The “non-students” argument, as outlined above, is the argument that those with less than six credit hours are not aware or understanding of student culture or life on campus. Take for instance those still in high school, who are taking a single college course but are not on campus. Another example would be an auditor taking a single class, but also being 80 years old and not engaging on campus. This is honestly likely the fairest argument. However, it once again assumes something inherently problematic: some students are more “student” than others, and that there is some ideal student we all aspire to be, and only those with the capacity and ability to model such an ideal are allowed to use the money of others in the student government. This is problematic as it assumes all students should fit in one bucket, otherwise they cannot be “real students.”
Following this logic, can we say that only those who engage in a minimum of five student organizations be called “real students?” Or even more extreme, how about we exclude students with depression, as it has the ability to hamper academic success? Or, on the contrary, only those who are courageous and seek university services to address mental health issues are “true students,” as they use more of the university’s services and thus are wiser in the ways of Washburn?
Clearly, this concept of an “ideal student” we must all aspire to be is flawed. All students at Washburn are different, unique individuals, and the fact that some of us are quite different from others is not reason to exclude them from using money that they paid, but rather all the more reason to include them.

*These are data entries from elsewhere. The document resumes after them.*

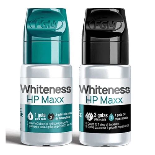 بلیچینگ آفیس FGM مدل Whiteness HP Maxx 35% محصولی حرفه ای برای سفید کردن دندان ها در محیط مطب است. این کیت حاوی هیدروژن پراکساید 35٪ با غلظت بالا بوده و به دلیل سیستم سلف کاتالیز، بدون نیاز به نور یا حرارت اضافی عمل می کند. فرمول دو فازی این محصول شامل پراکساید و ضخیم‌کننده است که استفاده از آن را آسان و مؤثر می سازد و از هدر رفتن مواد جلوگیری می کند. برای مشاهده محصولات مشابه می توانید از دسته بندی ابزار مصرفی دندانپزشکی در وب سایت ناجی دنتال دیدن کنید.
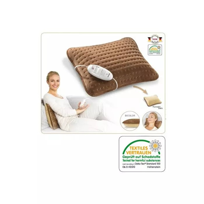 محصولی جدید از سری راه حلهای گرمایشی الکتریکی بیورر آلمان به صورت کوسن با رویه نرم و لطیف، دوستدار پوست و با عبور خوب هوا برای جلوگیری از تعریق. از این کوسن میتوان به روشهای گوناگون هنگام استراحت و یا خواب برای مقاصد ماساژ، درمان، التیام دردهای عضلانی، بازتوانی، ریلکسیشن و ... در نواحی مختلف بدن استفاده نمود.
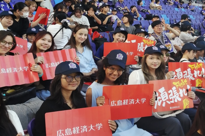 On Saturday, September 27, the international exchange students and Japanese students went to the Edion Peach Wing Hiroshima Stadium to watched the "Sanfrecce Hiroshima Regina" womens soccer team. For the exchange students who had just arrived in Japan this month, it was a valuable opportunity to get a taste of the local sports culture. The students had fun cheering the team and had an enjoyable time. This experience promoted friendship and understanding between the exchange students and Japanese students
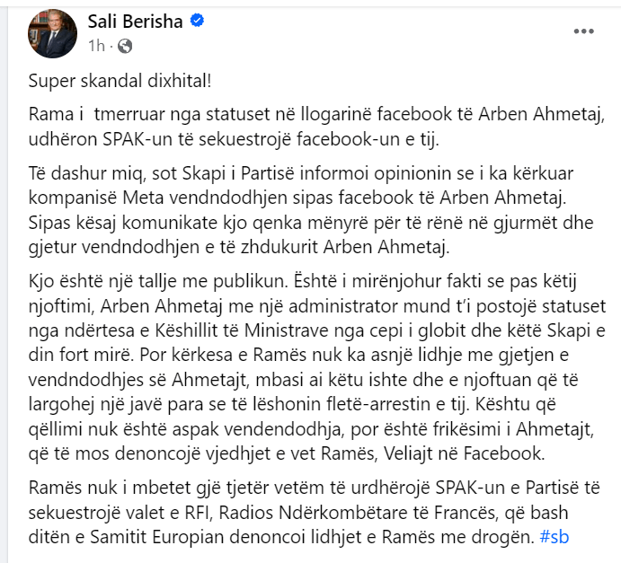 “Super skandal dixhital! Rama i tmerruar nga statuset në llogarinë facebook të Arben Ahmetaj, udhëron SPAK-un të sekuestrojë facebook-un e tij. Të dashur miq, sot Skapi i Partisë informoi opinionin se i ka kërkuar kompanisë Meta vendndodhjen sipas facebook të Arben Ahmetaj. Sipas kësaj komunikate kjo qenka mënyrë për të rënë në gjurmët dhe gjetur vendndodhjen e të zhdukurit Arben Ahmetaj. Kjo është një tallje me publikun. Është i mirënjohur fakti se pas këtij njoftimi, Arben Ahmetaj me një administrator mund t’i postojë statuset nga ndërtesa e Këshillit të Ministrave nga cepi i globit dhe këtë Skapi e din fort mirë. Por kërkesa e Ramës nuk ka asnjë lidhje me gjetjen e vendndodhjes së Ahmetajt, mbasi ai këtu ishte dhe e njoftuan që të largohej një javë para se të lëshonin fletë-arrestin e tij. Kështu që qëllimi nuk është aspak vendendodhja, por është frikësimi i Ahmetajt, që të mos denoncojë vjedhjet e vet Ramës, Veliajt në Facebook. Ramës nuk i mbetet gjë tjetër vetëm të urdhërojë SPAK-un e Partisë të sekuestrojë valet e RFI, Radios Ndërkombëtare të Francës, që bash ditën e Samitit Europian denoncoi lidhjet e Ramës me drogën.” – shkruan Berisha.
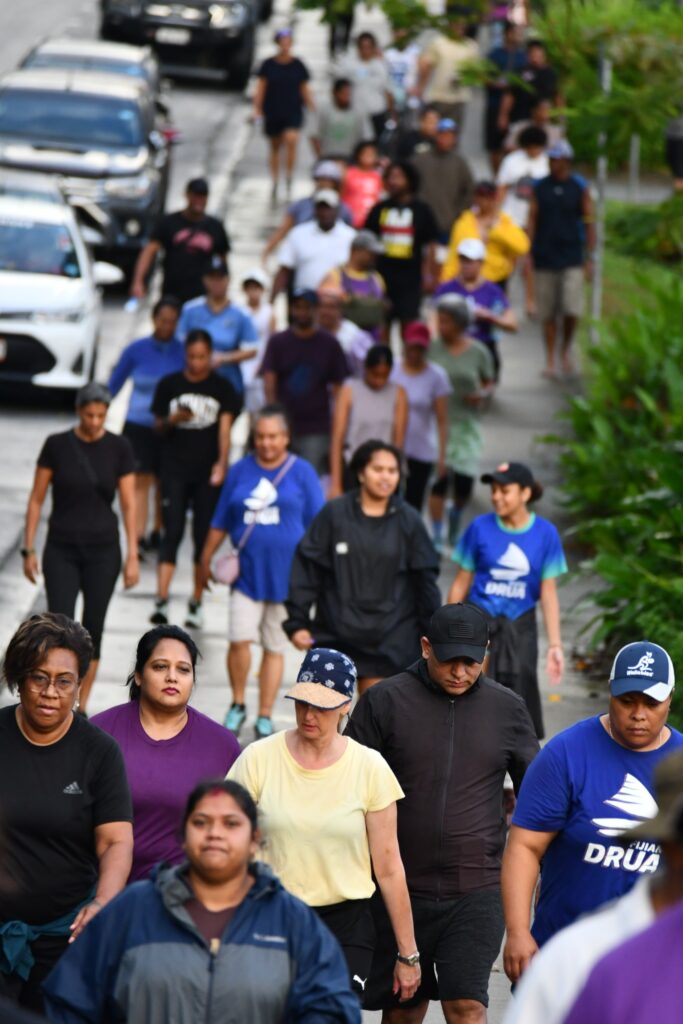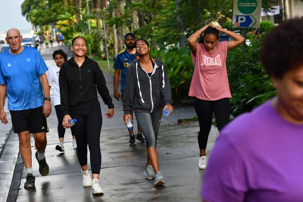 So “Walk A Mile In My Shoes” began as usual with all our warriors, partners, supporters, friends and families – gathered very early at the Albert Park Pavilion in Suva, on a slightly wet morning for our Awareness Walk. Everyone was pleasantly surprised to see that one of our very own Lupus Ambassadors, the Assistant Minister for Foreign Affairs and Deputy Speaker of the House – the Honourable Lenora Qereqeretabua, showed up at the event! After a lovely devotion from Pastor Tiko Toganivalu of Equippers Church (Fiji) – Ms. Qereqeretabua shared a few words with everyone before Mr. Paul Simpson, our Lupus Zumba Instructor, took us for a ‘warm-up’ session, before we began our walk around the perimeters of Albert Park.
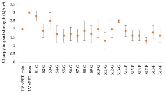 Based on the assumption that both crystallinity and molar mass influence toughness of a plastic, a higher crystallinity leads to a higher strength since intermolecular bonding is more significant in the crystalline phase. Sample S14-G has the highest crystallinity of 36.1% and an impact strength of only 1.89 kJ/m2. Similarly, the crystallinity of sample S11-G is 30.9% and impact strength 1.3 kJ/m2. The recognizably high error bars in Figure 10 can be explained by the reduction of the molar mass, since PET chains have suffered cracks during reprocessing PET [21,43]. Moreover, the heterogeneity of the polymer chains during the recycling process and presence of impurities promote this behavior [12]. Consequently, the simultaneous influence of molar weight distribution as well as presence of cleavage products on mechanical properties of at least three different samples of recycled and virgin treated under the same conditions should be investigated in the second part of this study.

I yield that, yes, a student who is quite old or quite young will have a different experience than I do. I will also yield that a student of color or a student struggling with physical or mental health will experience a difference as well. But the argument that these “non-students” are not like us, and therefore would do a bad job of representing “ideal-student” views, is just like saying that these “non-students” are not like us, and therefore we cannot adequately represent them. The purpose of the student government is to represent all student needs, not only those precisely like us.

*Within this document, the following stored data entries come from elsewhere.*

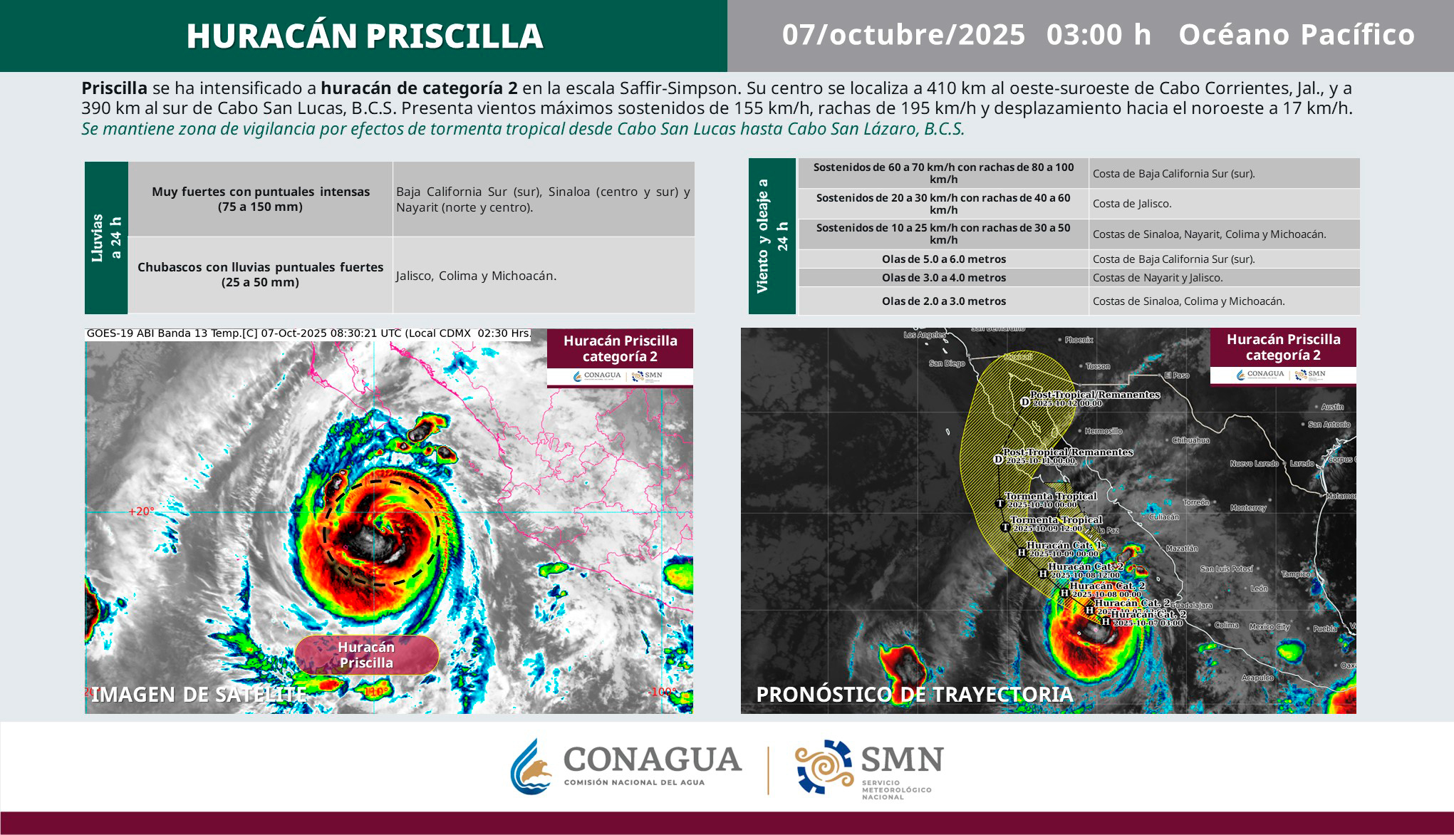 En un comunicado, el Servicio Meteorológico Nacional informó que ‘Priscilla’ se ubica a 410 kilómetro al oeste-suroeste de Cabo Corrientes, Jalisco, y a 390 kilómetros al sur de Cabo San Lucas, Baja California Sur.
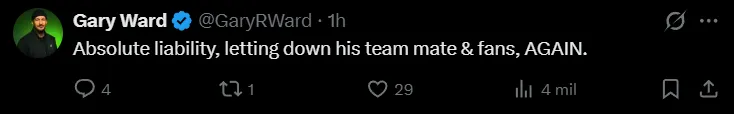 “Simplemente no necesita hacer eso. Es un lastre. Está en crisis de lesiones, luchando por no verse arrastrado a la lucha por el descenso, y lo hace, y ahora está de baja tres partidos. ¡Qué mal! Si quiere irse en verano, que así sea. Como capitán, no deberías estar haciendo eso“, se quejó un hincha de los Spurs apenas la cuenta oficial del club dio cuenta de la expulsión.
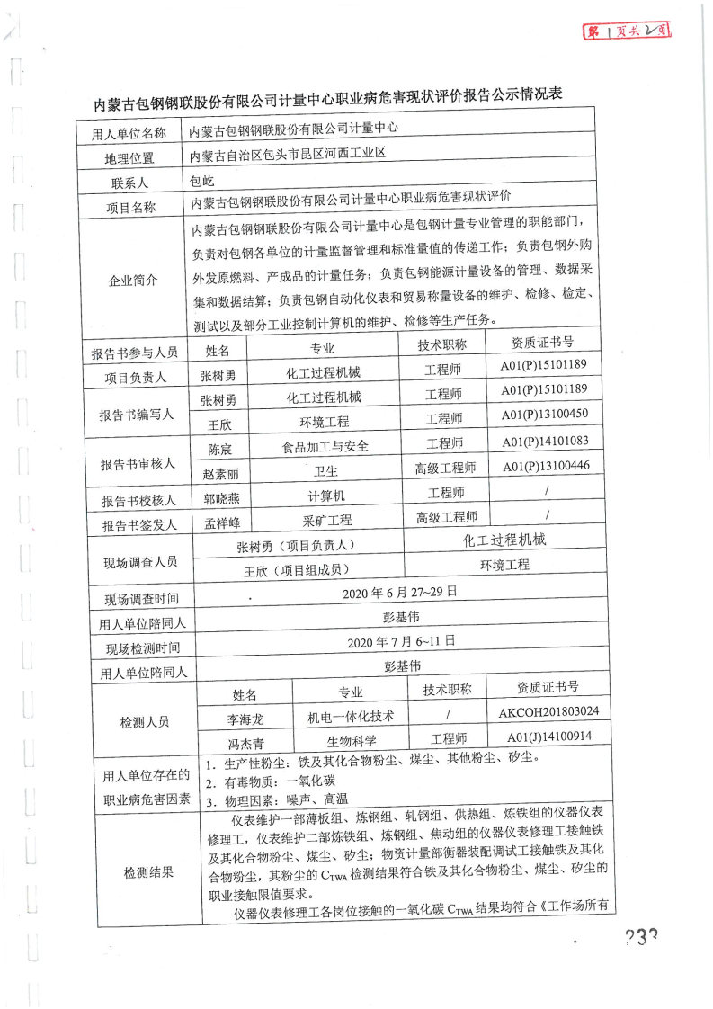 下一篇: 內(nèi)蒙古包鋼鋼聯(lián)股份有限公司鋼管公司職業(yè)病危害現(xiàn)狀評(píng)價(jià)

The final argument is the “lack of demand” argument. This argument is as simple to explain as it is to undermine: some argued that, since there are very few students with less than six credit hours, and since not a single one of these students has ever requested to join Washburn Student Government, this bill will have no effect and thus doesn’t need to be passed. By this logic, the 19th Amendment, the amendment that was passed in 1920 that granted women the right to vote, should only have been passed in 1920, and not a year earlier. Simply put, there were too few women fighting for the right to vote, and therefore allowing them to do so would have had little to no effect. But by 1920, there were so many wanting to vote, it was time to pass the amendment.
This line of thinking is ludicrous! By this logic as well, it follows that if women stop voting or advocating for their right to vote, we’d be perfectly justified in repealing the 19th Amendment! The fact that no one is fighting for their freedom or right is not justification to deny them that right. Indeed, perhaps the reason we are unaware of their fighting is simply because one right which is denied to them is the right to fight.

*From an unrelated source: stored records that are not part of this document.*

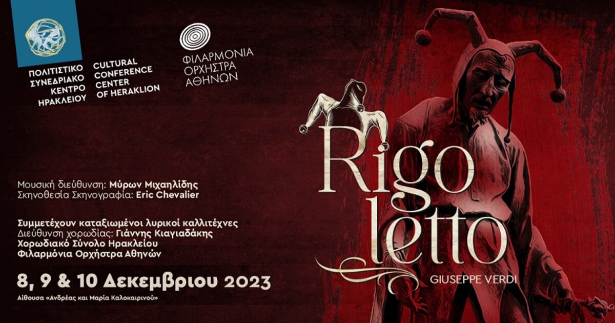 Τη νέα παραγωγή της θρυλικής όπερα Ριγκολέττο του Ιταλού συνθέτη Τζουζέπε Βέρντι θα έχει την ευκαιρία να παρακολουθήσει το κοινό του Ηρακλείου αυτό τον χειμώνα, σε τρεις παραστάσεις σε σκηνοθεσία Eric Chevalier, με τη Φιλαρμόνια Ορχήστρα Αθηνών, το Χορωδιακό Σύνολο Ηρακλείου και τη συμμετοχή καταξιωμένων λυρικών καλλιτεχνών υπό τη μουσική διεύθυνση του κορυφαίου αρχιμουσικού Μύρωνα Μιχαηλίδη.
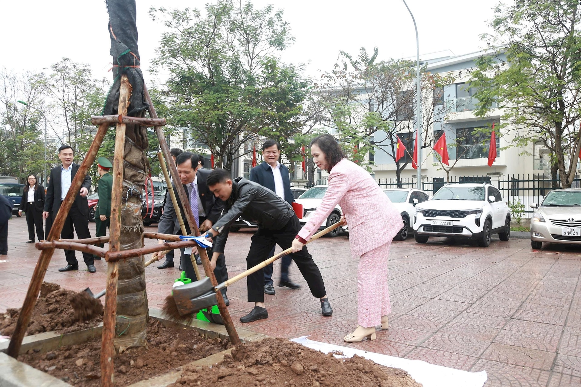 Bí thư Đảng ủy, Chủ tịch HĐND phường Dương Nội Cấn Thị Việt Hà và các đại biểu trồng cây tại lễ phát động. Ảnh: PV
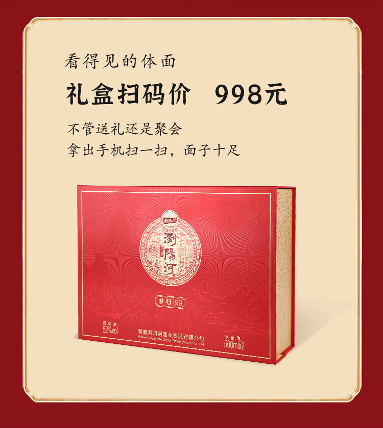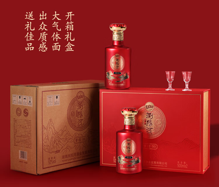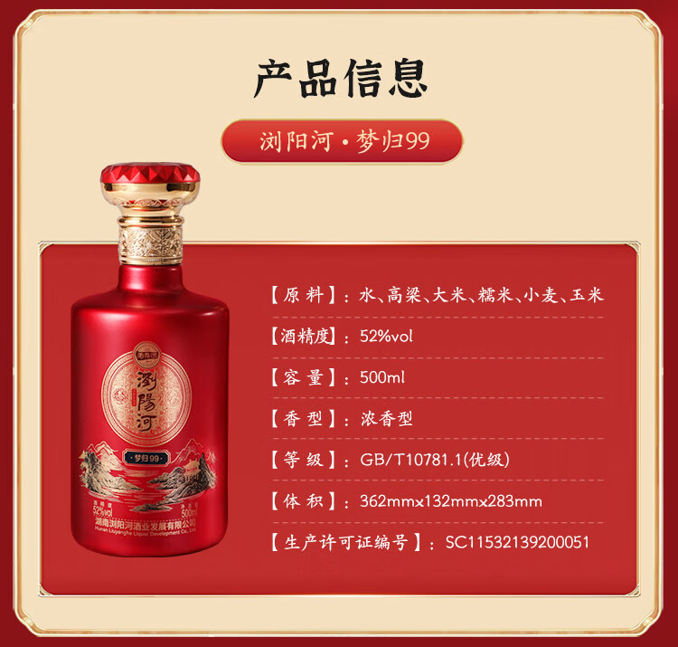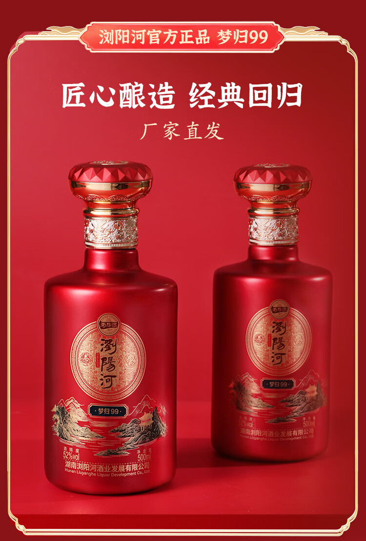 瀏陽河酒浏阳河酒梦归99礼盒装白酒浓香型52度2瓶送礼自饮浏阳河官方正品 52%vol 500mL 2瓶
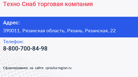Техно-Снаб, торговая компания по адресу 390011, Рязанская область, Рязань, Рязанская, 22 в дальнейшем Организация, размещена в следующих категориях:
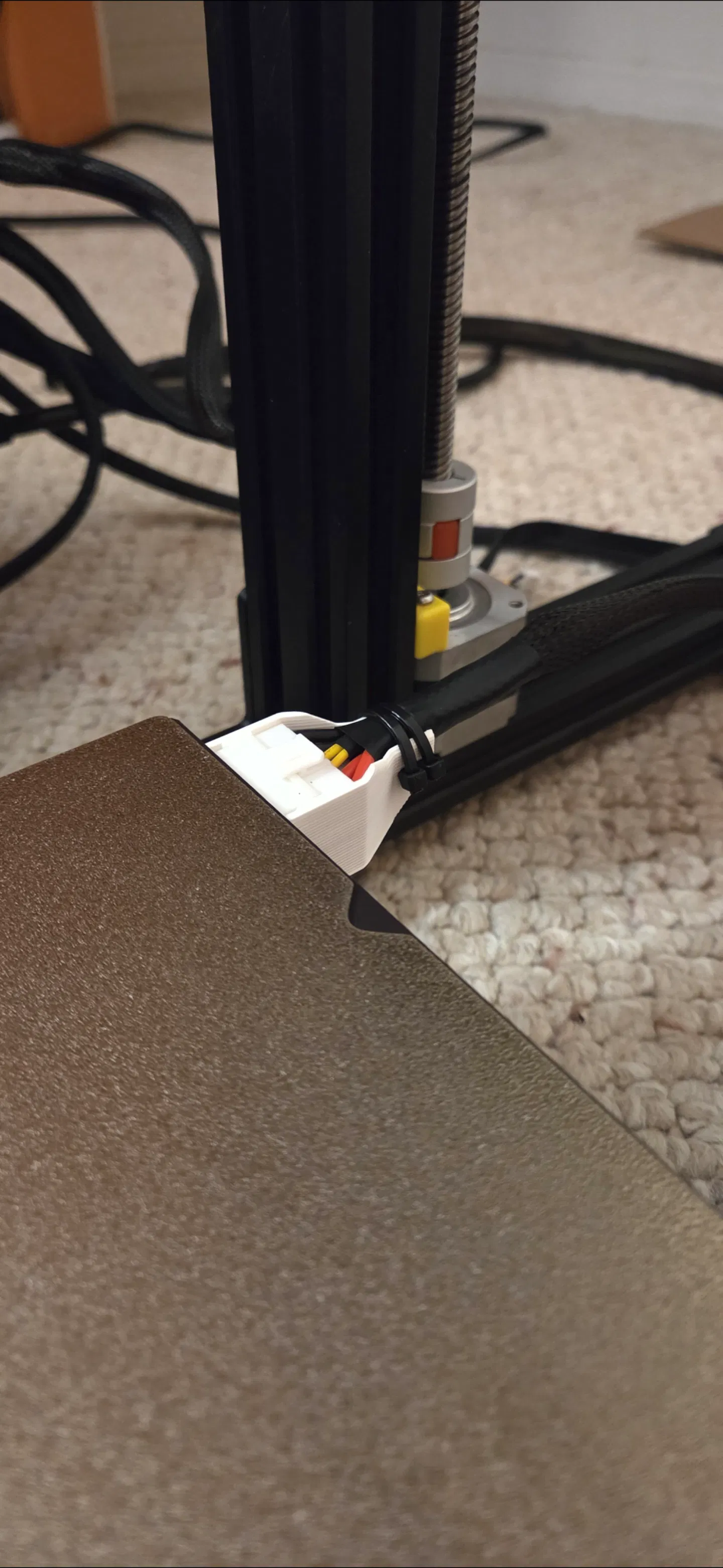 Phần này thay thế bộ phận giảm căng cáp zin trên máy in Ender 3D, đặc biệt là CR10, để tương thích với mạch nhiệt 24v và đầu nối JST. Thiết kế lại để hoạt động tốt với mạch 24v, không cần in hỗ trợ và có thể in bằng PLA. Có phiên bản đặc biệt cho bộ đế silicon.

That all being said, I am a senator in Washburn Student Government, and I voted to pass this bill both times when it was brought up. The current host of this bill is planning on dropping it, and it’s at risk of never being brought up again for the foreseeable future. If you happen to be a fewer than six credit hour student, or any student in general interested in this discussion, please send me an email at [email protected], I want to hear everyone’s voices, whether they disagree with me or not. I thank you for reading, and I hope you have a brilliant day.